Problem details:
An exact copy of the data is required, with no pictures in it.
%%
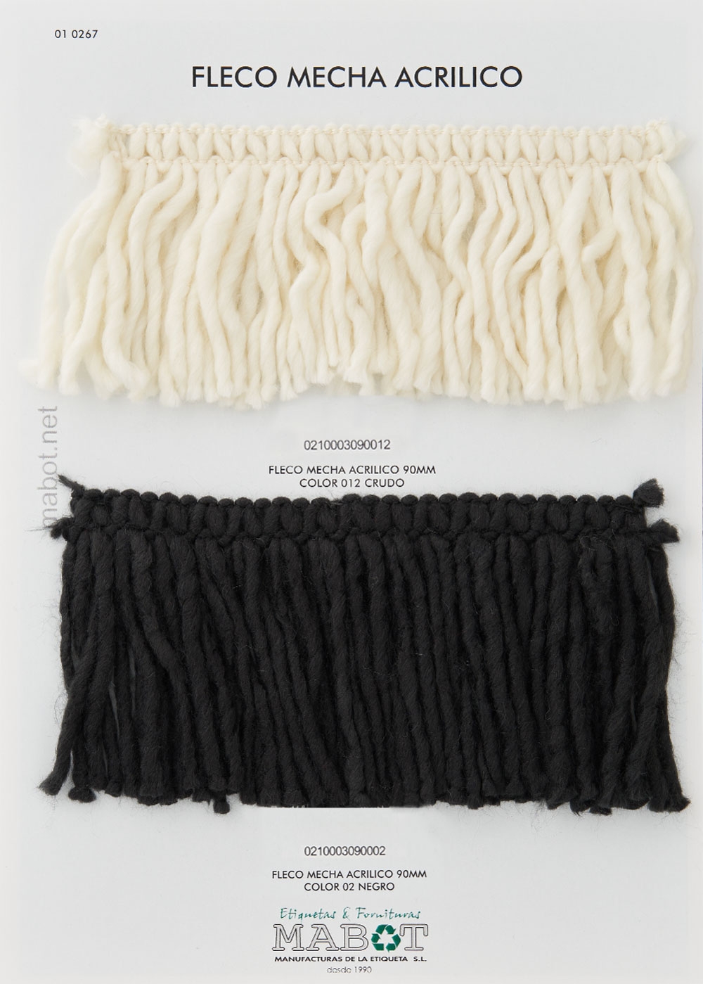 Fleco mecha acrílico 90mm, disponible en: crudo, negro.
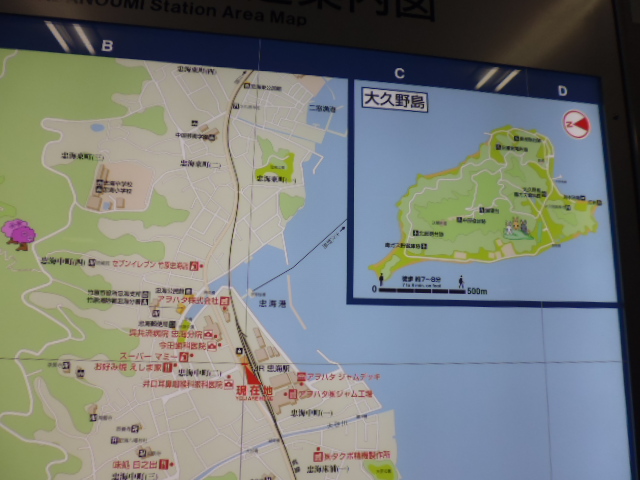 うさぎがいっぱいいる島として有名で、JR忠海駅から歩いてフェリーで行きます。駅には大きな看板もあってウサギ島である大久野島行きの人が大勢います。
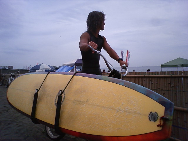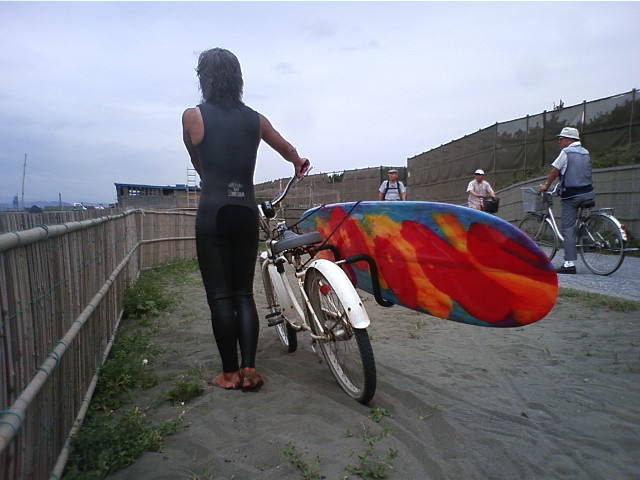 自宅からウェットを着て板を自転車にくくりつけ海に向かい波に乗る。 この感じがとても羨ましい。
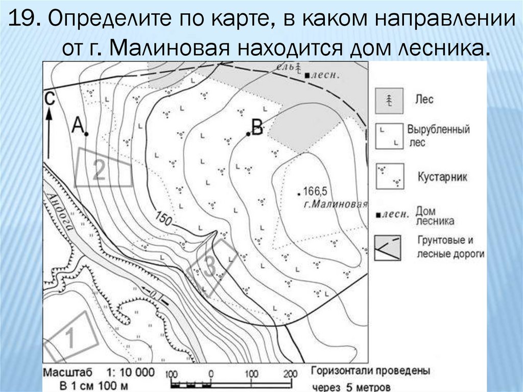 19. Определите по карте, в каком направленииот г. Малиновая находится дом лесника.
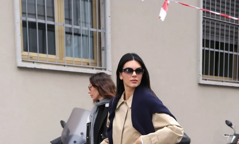 Kendall Jenner embraces a minimalist and elegant look during the fashion week. She was seen in a casual outfit that merges sophistication with comfort. A standout piece was her Burberry Camden car coat in Honey Beige, featuring a single-breasted design cropped to the knee. Underneath, she wore a navy sweater draped over her shoulders, paired with loose white denim jeans and square-toed black leather flats.
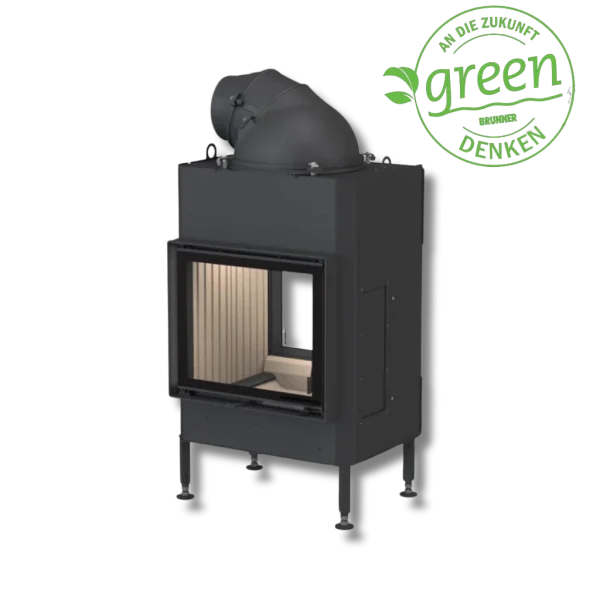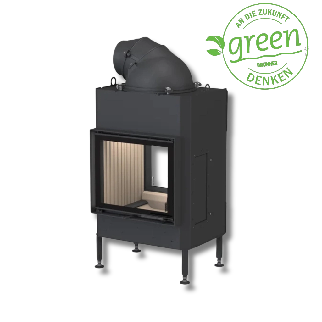 Insatsen är utrustad med Brunners patenterade vedförbränning och kan kompletteras med Green+ katalysator för ännu renare och mer effektiv eldning. Detta innebär låga utsläppsvärden, hög verkningsgrad och en miljövänlig uppvärmning – helt i linje med dagens krav.
%%
Your response:
 Fleco mecha acrílico 90mm, disponible en: crudo, negro.
 うさぎがいっぱいいる島として有名で、JR忠海駅から歩いてフェリーで行きます。駅には大きな看板もあってウサギ島である大久野島行きの人が大勢います。
 自宅からウェットを着て板を自転車にくくりつけ海に向かい波に乗る。 この感じがとても羨ましい。
 19. Определите по карте, в каком направленииот г. Малиновая находится дом лесника.
 Kendall Jenner embraces a minimalist and elegant look during the fashion week. She was seen in a casual outfit that merges sophistication with comfort. A standout piece was her Burberry Camden car coat in Honey Beige, featuring a single-breasted design cropped to the knee. Underneath, she wore a navy sweater draped over her shoulders, paired with loose white denim jeans and square-toed black leather flats.
 Insatsen är utrustad med Brunners patenterade vedförbränning och kan kompletteras med Green+ katalysator för ännu renare och mer effektiv eldning. Detta innebär låga utsläppsvärden, hög verkningsgrad och en miljövänlig uppvärmning – helt i linje med dagens krav.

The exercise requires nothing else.